NLP introductory study 3 - syntax analysis (based on LTP4)

0. Introduction

This article will introduce the syntactic structure analysis in NLP, mainly based on the LTP tool, and will also introduce the use of other functions of LTP in the process.

1. Introduction to LTP

LTP (Language Technology Platform) provides a series of Chinese natural language processing tools. Users can use these tools to perform word segmentation, part-of-speech tagging, and syntactic analysis on Chinese texts.
git: https://github.com/HIT-SCIR/ltp

2. Install

2.1 Module installation

There is a problem with the installation of the old version of ltp, execute pip under linux, and version 0.2.1 is installed by default.

pip install pyltp

There will be problems under windows, please refer to https://github.com/HIT-SCIR/pyltp/issues/125
, it is recommended to install ltp4, one-click installation:

pip install ltp

2.2 Model download

There are download links for models in the official git, including two versions V1 and V2, and three models base, small and tiny.
At the same time, various indicators of the two versions are given on the official git.
V2 indicators
V1 indicator

3. use

3.1 Clause

from ltp import LTP
ltp = LTP('../ltp_model/base')   # 加载模型,路径是模型文件解压后的文件夹
# 后面的代码全都省略了模型加载这一步

sents = ltp.sent_split(["吃葡萄不吐葡萄皮。不吃葡萄倒吐葡萄皮。"])
sents

# [out]:   ['吃葡萄不吐葡萄皮。', '不吃葡萄倒吐葡萄皮。']

3.2 Word segmentation

segment, hidden = ltp.seg(["南京市长江大桥"])
segment

# [out]:  [['南京市', '长江', '大桥']]

Similar to other word segmentation tools, LTP also provides the function of custom dictionaries, which can specify the path to load custom dictionaries.

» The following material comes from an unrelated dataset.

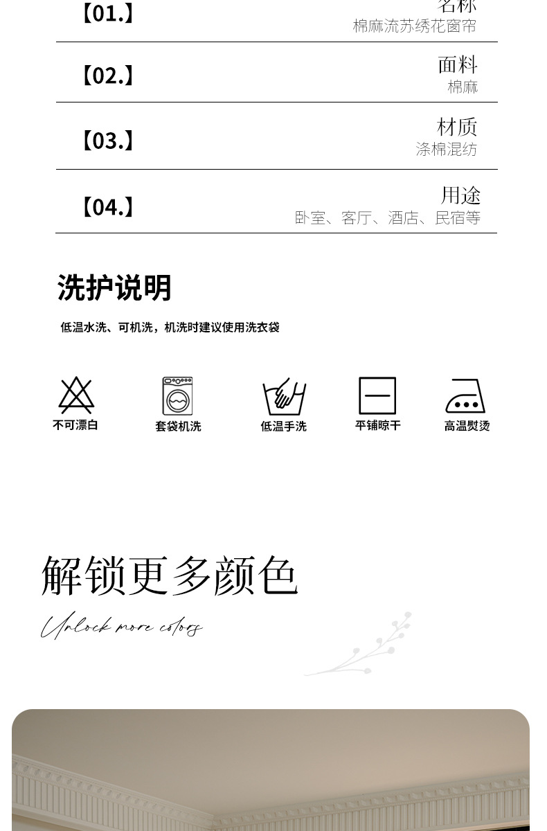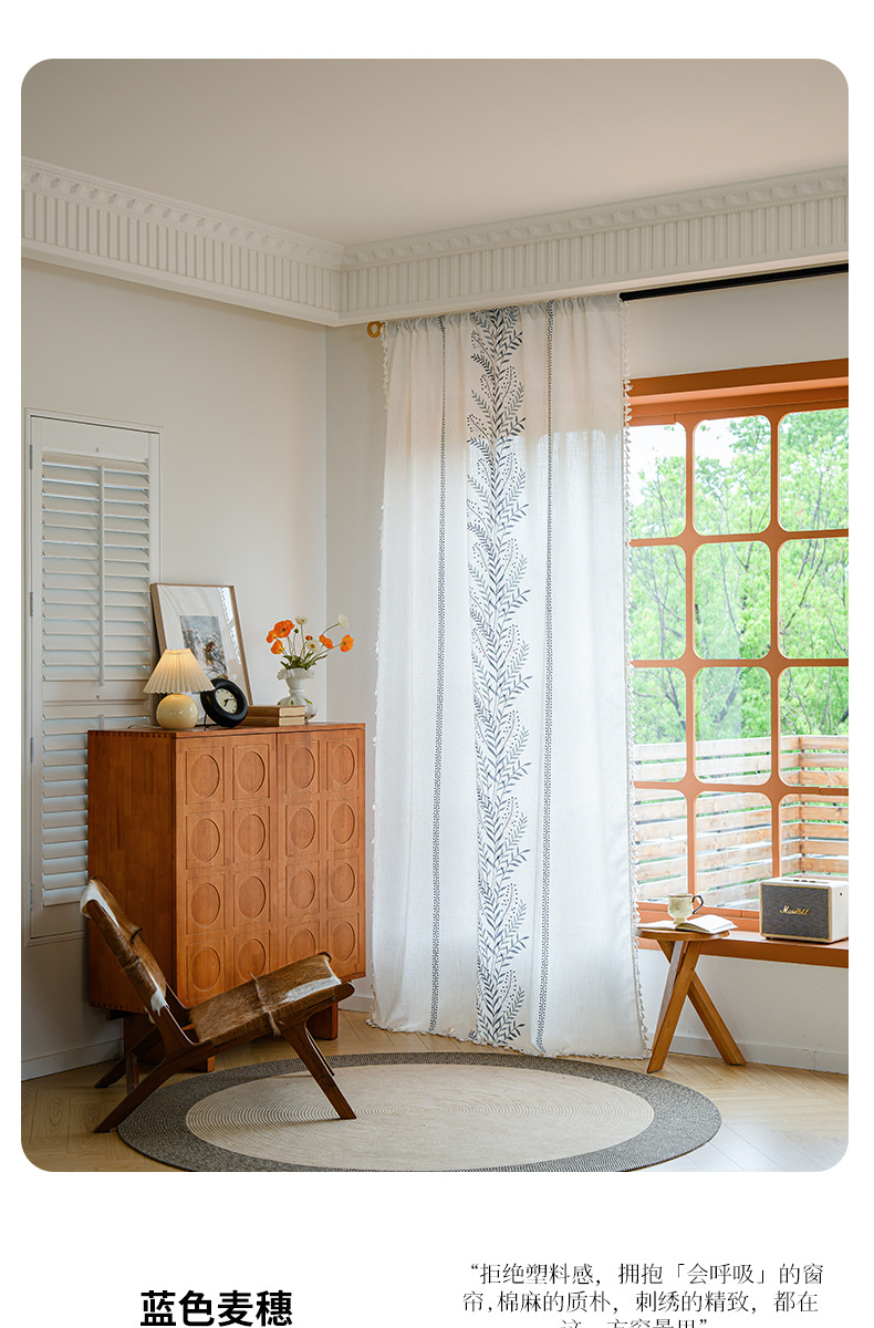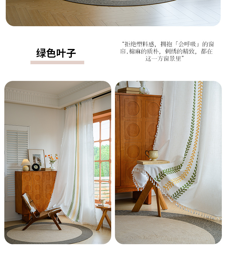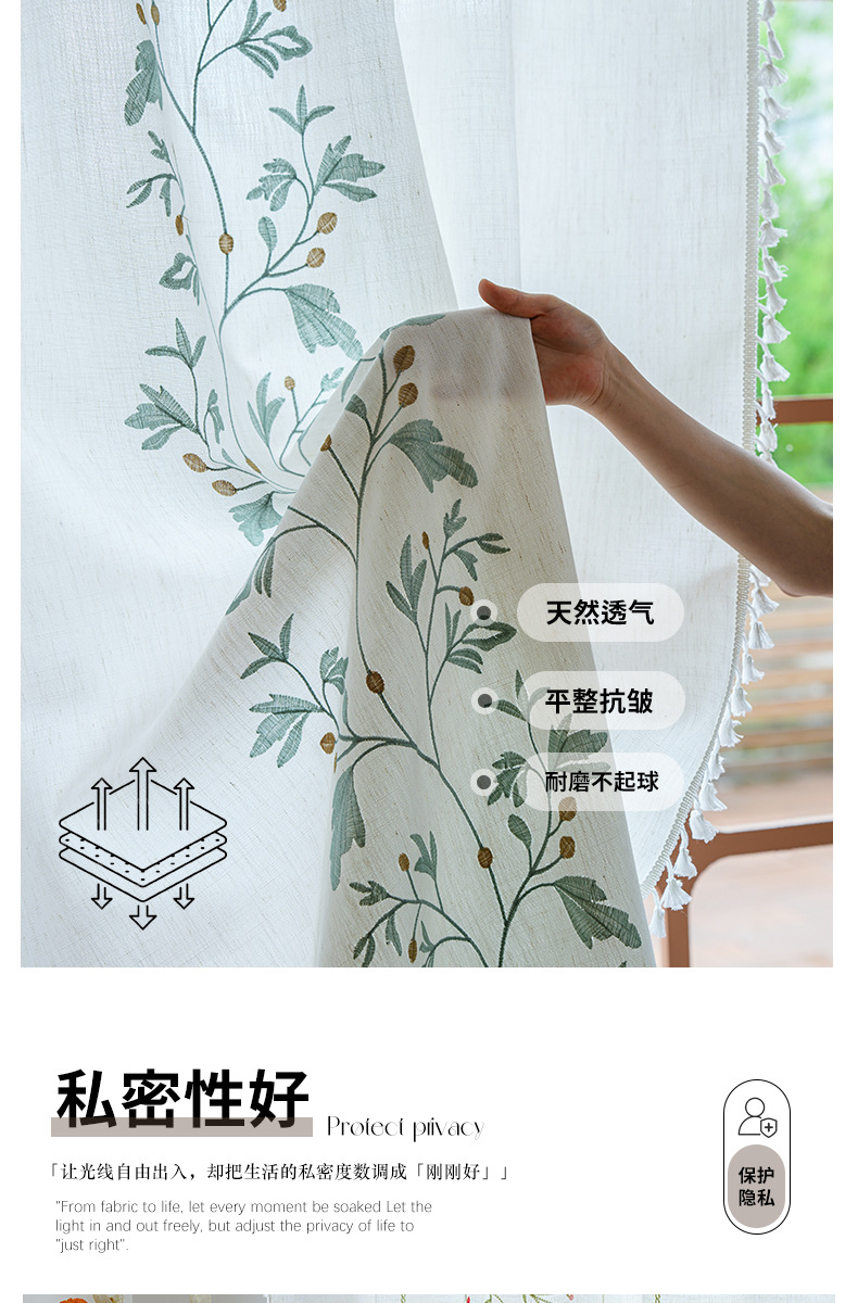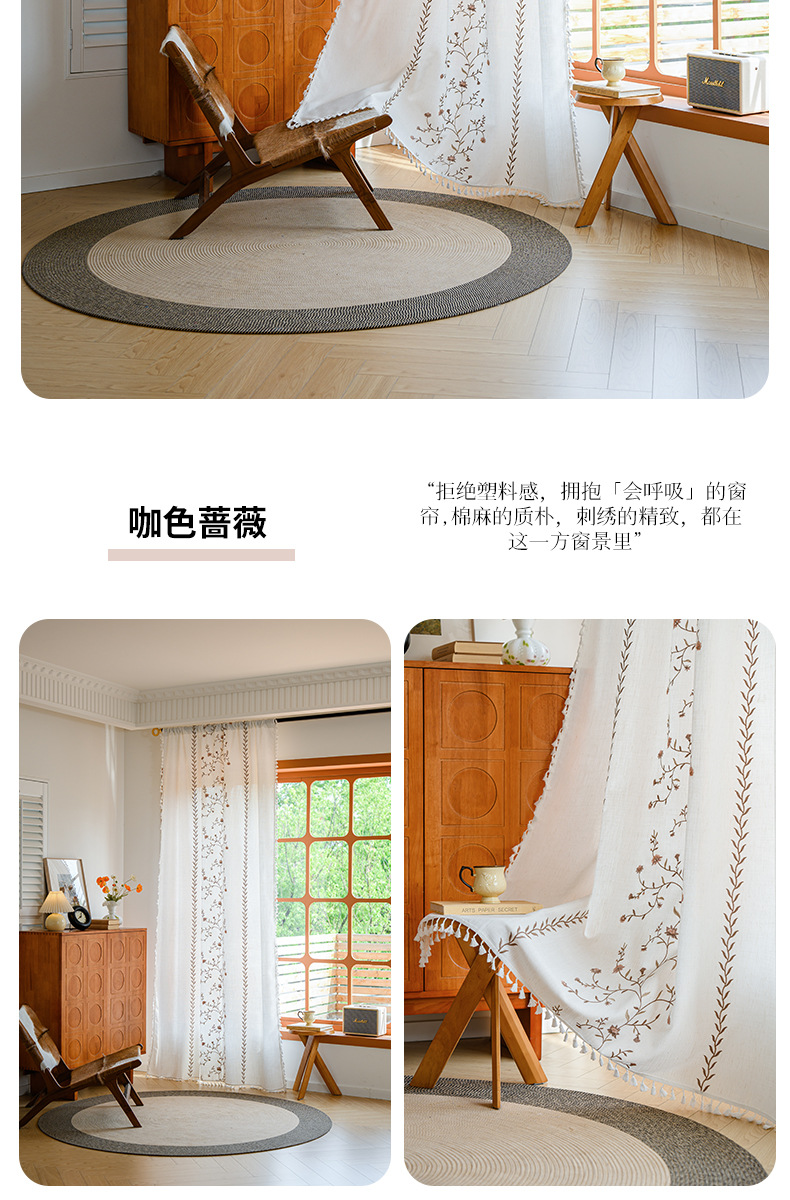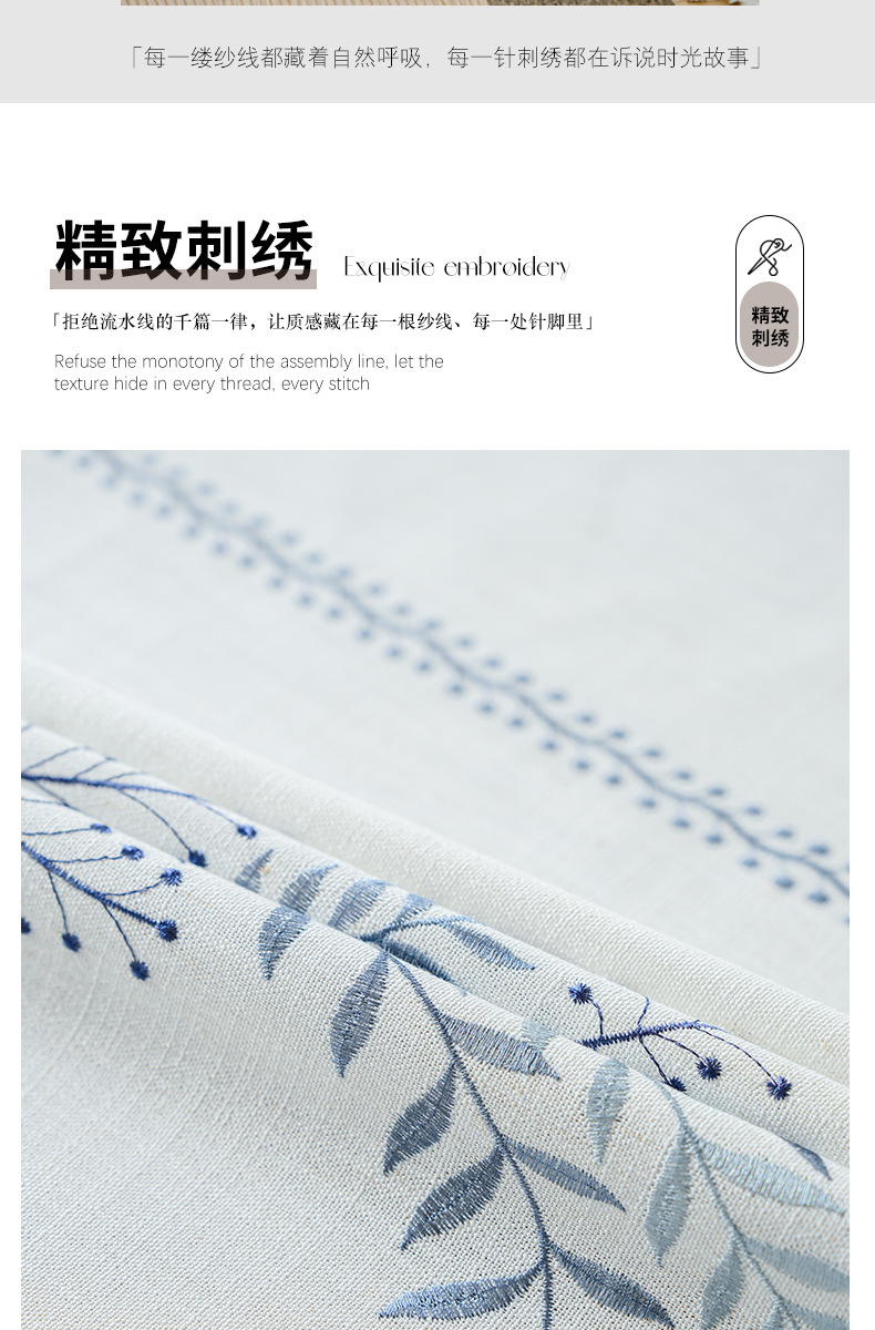 Youzhuo의 새로운 면 및 린넨 자수 완성 커튼, 작은 신선한 꽃무늬 반 차광 커튼, 주방 침실 칸막이 커튼

ltp.init_dict(path="user_dict.txt", max_window=4)

You can also directly enter custom vocabulary and add custom word segmentation results:

ltp.add_words(words=["市长", "江大桥"], max_window=4)

segment, hidden = ltp.seg(["南京市长江大桥"])
segment

# [out]:  [['南京', '市长', '江大桥']]

3.3 Part-of-speech tagging

pos = ltp.pos(hidden)
pos

# [out]:  [['ns', 'ns', 'n']]    # 这个结果对应的是 [['南京市', '长江', '大桥']]

The result of part-of-speech tagging corresponds to the word segmentation result, and the ns in the result will be noted in Part 4.

3.4 Named Entity Recognition

ltp can also complete the task of named entity recognition, but it is better to use a more complex model for complex tasks. After all, the parameters of ltp are here.

ner = ltp.ner(hidden)
ner

# [out]: [[('Nh', 0, 0), ('Ns', 1, 1), ('Nh', 2, 2)]]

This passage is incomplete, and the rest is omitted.